TASK GOAL. Retype the data that follows exactly. No pictures belong in the copy.

DATA SHOWN.
###

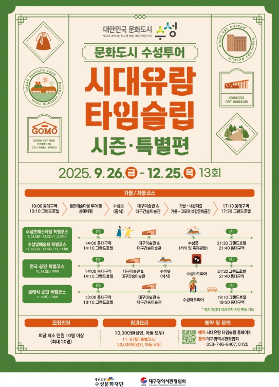 첫째, '시대유람 타임슬립 : 시즌·특별편' 투어는 지난 7월 진행된 '시대유람 타임슬립 : 여름편'의 후속으로, 수성구의 계절별 특색을 살려 가을편과 겨울편으로 나누어 운영된다.
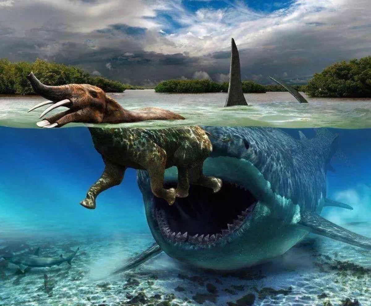 巨齿鲨最喜欢的猎物是当时的始祖鲸豚类生物,鲸豚类生物是哺乳动物,依然靠肺呼吸,当它们到海面换气时,便给了巨齿鲨可乘之机。
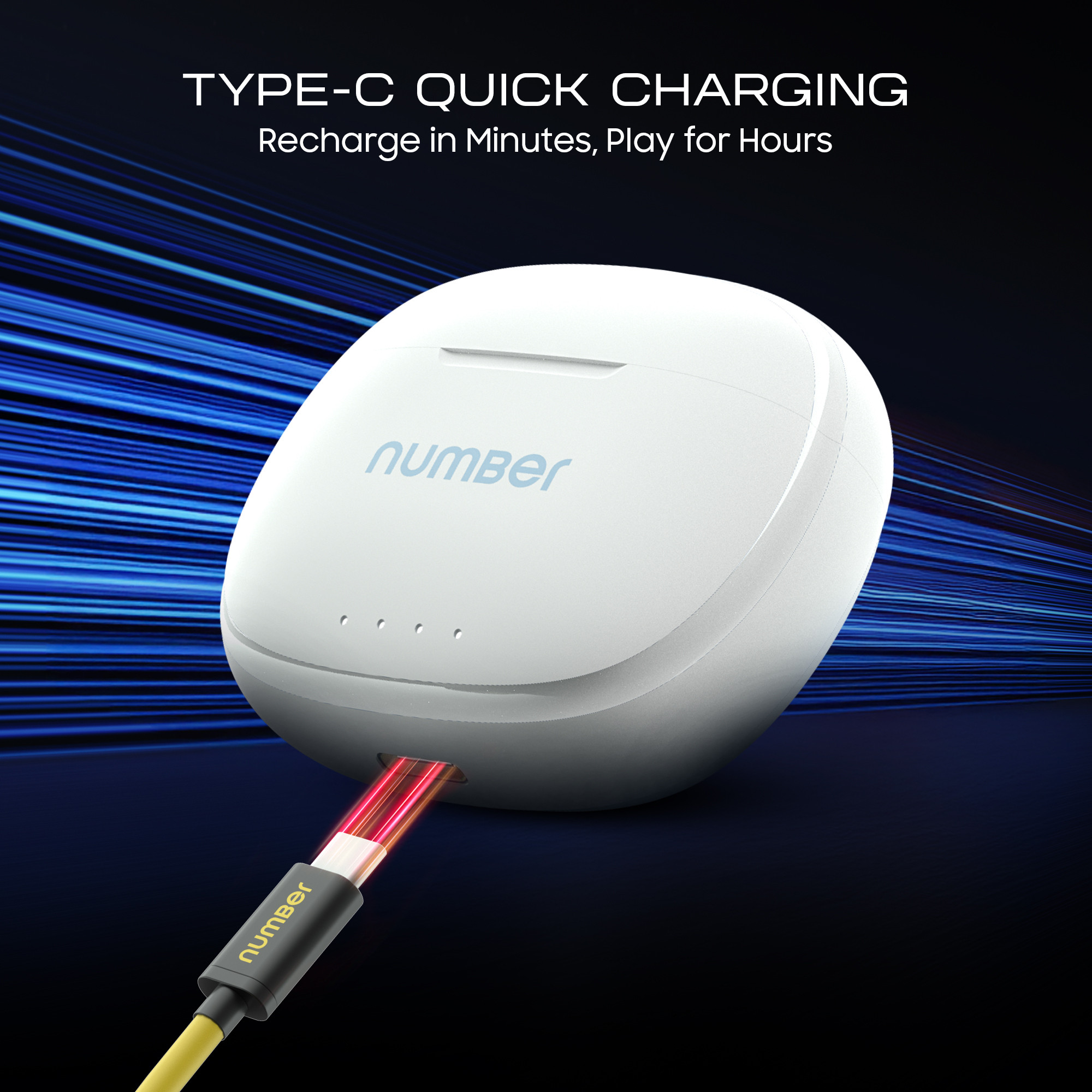 Number Navo Buds X1 w/ 50H Playtime, Dual Pairing, 13mm Speakers, ENC, 45ms Low Latency Bluetooth (White Sky, In the Ear)

###

OUTPUT BELOW.
 첫째, '시대유람 타임슬립 : 시즌·특별편' 투어는 지난 7월 진행된 '시대유람 타임슬립 : 여름편'의 후속으로, 수성구의 계절별 특색을 살려 가을편과 겨울편으로 나누어 운영된다.
 巨齿鲨最喜欢的猎物是当时的始祖鲸豚类生物,鲸豚类生物是哺乳动物,依然靠肺呼吸,当它们到海面换气时,便给了巨齿鲨可乘之机。
 Number Navo Buds X1 w/ 50H Playtime, Dual Pairing, 13mm Speakers, ENC, 45ms Low Latency Bluetooth (White Sky, In the Ear)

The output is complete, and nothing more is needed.